=== TASK ===
Print them exactly: the lines from the beginning of the entries below through the line that contains "很推荐缺德舅这款三文鱼,肉质", and only those, with the pictures left out.

***** EXTRACTED INFORMATION

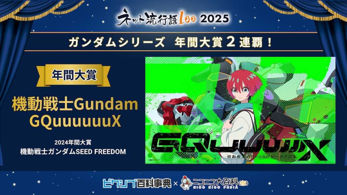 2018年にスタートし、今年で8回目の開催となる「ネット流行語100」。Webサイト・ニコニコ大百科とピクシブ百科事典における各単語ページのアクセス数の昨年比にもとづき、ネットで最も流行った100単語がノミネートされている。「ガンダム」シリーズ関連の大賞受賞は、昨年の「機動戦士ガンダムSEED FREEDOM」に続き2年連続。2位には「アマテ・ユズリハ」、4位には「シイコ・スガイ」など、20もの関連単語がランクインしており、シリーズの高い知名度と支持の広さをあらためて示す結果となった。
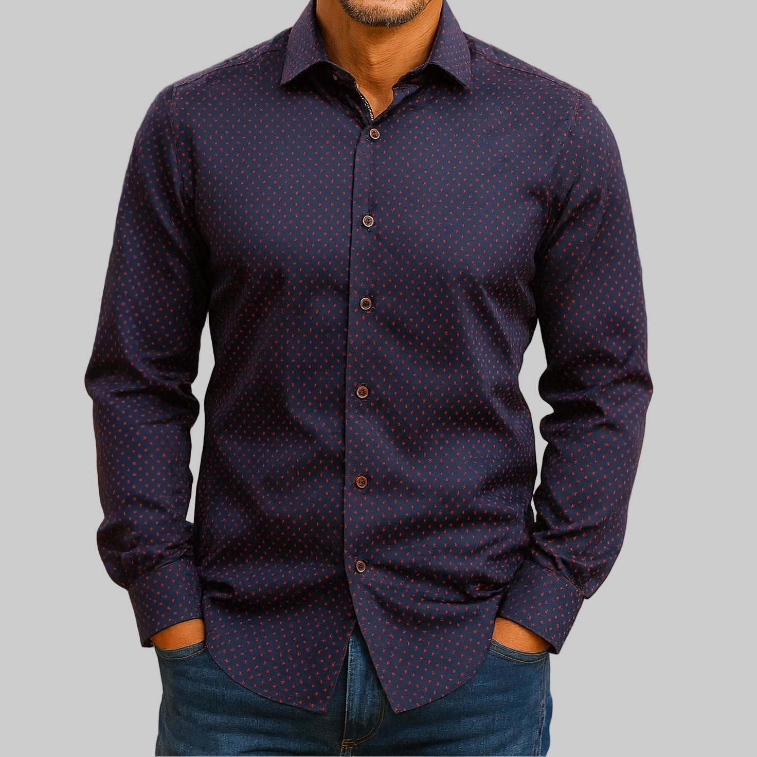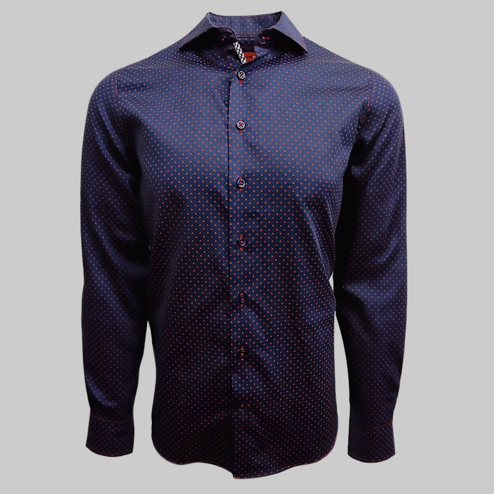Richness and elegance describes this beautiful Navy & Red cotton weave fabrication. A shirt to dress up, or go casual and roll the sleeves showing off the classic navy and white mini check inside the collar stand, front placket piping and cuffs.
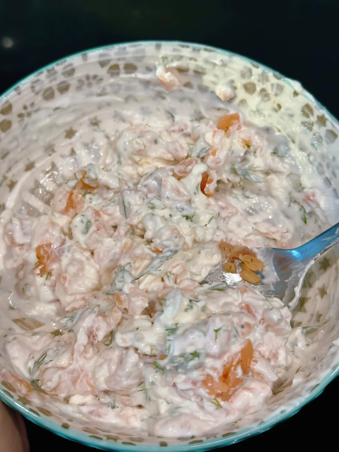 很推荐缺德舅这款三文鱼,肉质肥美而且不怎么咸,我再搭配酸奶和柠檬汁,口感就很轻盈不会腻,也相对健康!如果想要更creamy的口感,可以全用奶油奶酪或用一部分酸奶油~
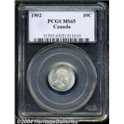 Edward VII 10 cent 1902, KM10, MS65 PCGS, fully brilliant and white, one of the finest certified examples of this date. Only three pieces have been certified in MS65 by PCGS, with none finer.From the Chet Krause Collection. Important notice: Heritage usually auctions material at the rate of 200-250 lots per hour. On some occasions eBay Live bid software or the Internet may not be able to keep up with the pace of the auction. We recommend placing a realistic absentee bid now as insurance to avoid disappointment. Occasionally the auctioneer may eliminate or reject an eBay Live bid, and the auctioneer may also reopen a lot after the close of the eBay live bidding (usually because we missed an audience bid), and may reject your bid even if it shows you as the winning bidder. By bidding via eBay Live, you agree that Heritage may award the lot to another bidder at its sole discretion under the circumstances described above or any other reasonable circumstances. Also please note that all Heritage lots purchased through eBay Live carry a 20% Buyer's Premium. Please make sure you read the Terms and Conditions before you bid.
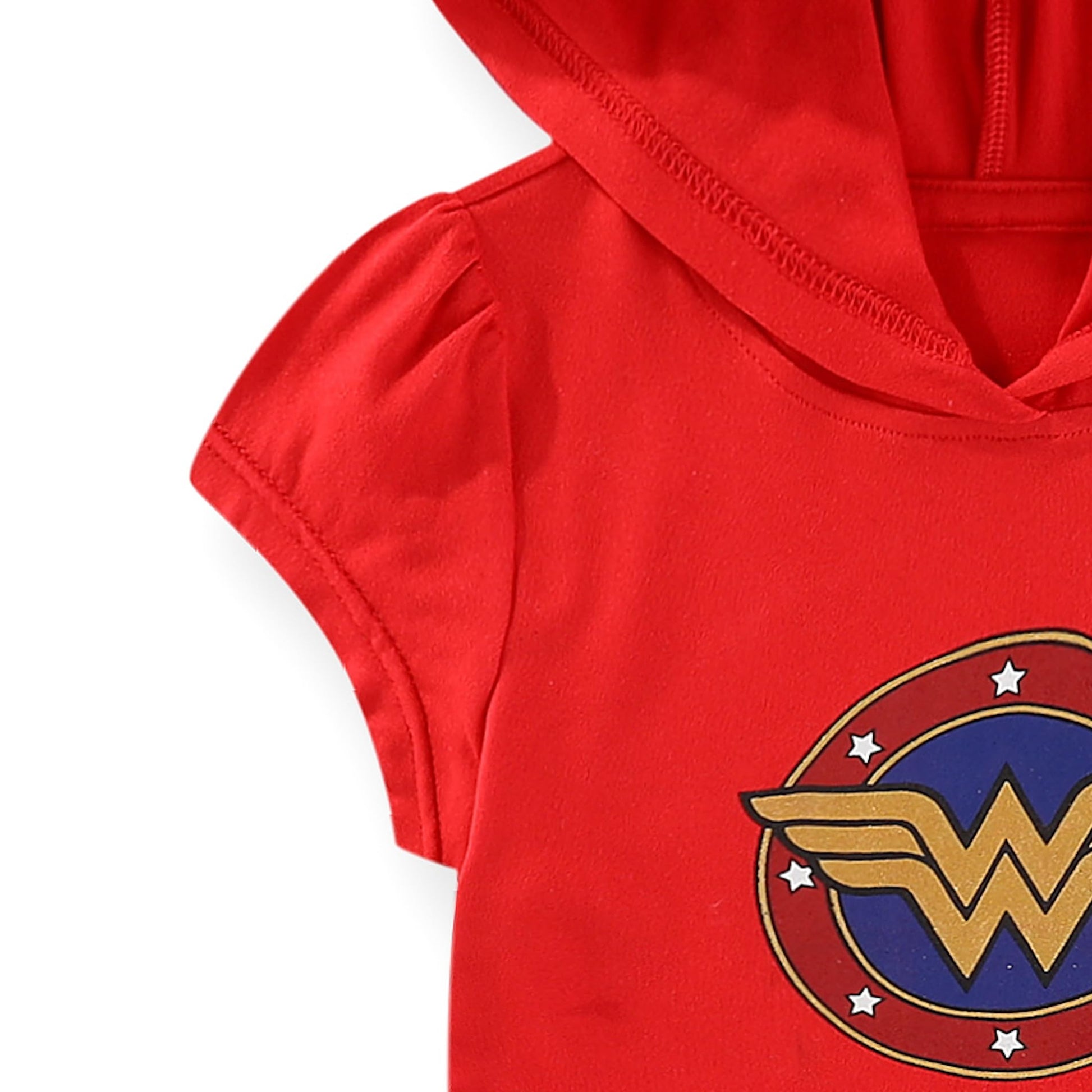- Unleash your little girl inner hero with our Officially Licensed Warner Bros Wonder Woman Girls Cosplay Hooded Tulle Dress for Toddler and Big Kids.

**********

=== EXERCISE RESULT ===
 2018年にスタートし、今年で8回目の開催となる「ネット流行語100」。Webサイト・ニコニコ大百科とピクシブ百科事典における各単語ページのアクセス数の昨年比にもとづき、ネットで最も流行った100単語がノミネートされている。「ガンダム」シリーズ関連の大賞受賞は、昨年の「機動戦士ガンダムSEED FREEDOM」に続き2年連続。2位には「アマテ・ユズリハ」、4位には「シイコ・スガイ」など、20もの関連単語がランクインしており、シリーズの高い知名度と支持の広さをあらためて示す結果となった。
Richness and elegance describes this beautiful Navy & Red cotton weave fabrication. A shirt to dress up, or go casual and roll the sleeves showing off the classic navy and white mini check inside the collar stand, front placket piping and cuffs.
 很推荐缺德舅这款三文鱼,肉质肥美而且不怎么咸,我再搭配酸奶和柠檬汁,口感就很轻盈不会腻,也相对健康!如果想要更creamy的口感,可以全用奶油奶酪或用一部分酸奶油~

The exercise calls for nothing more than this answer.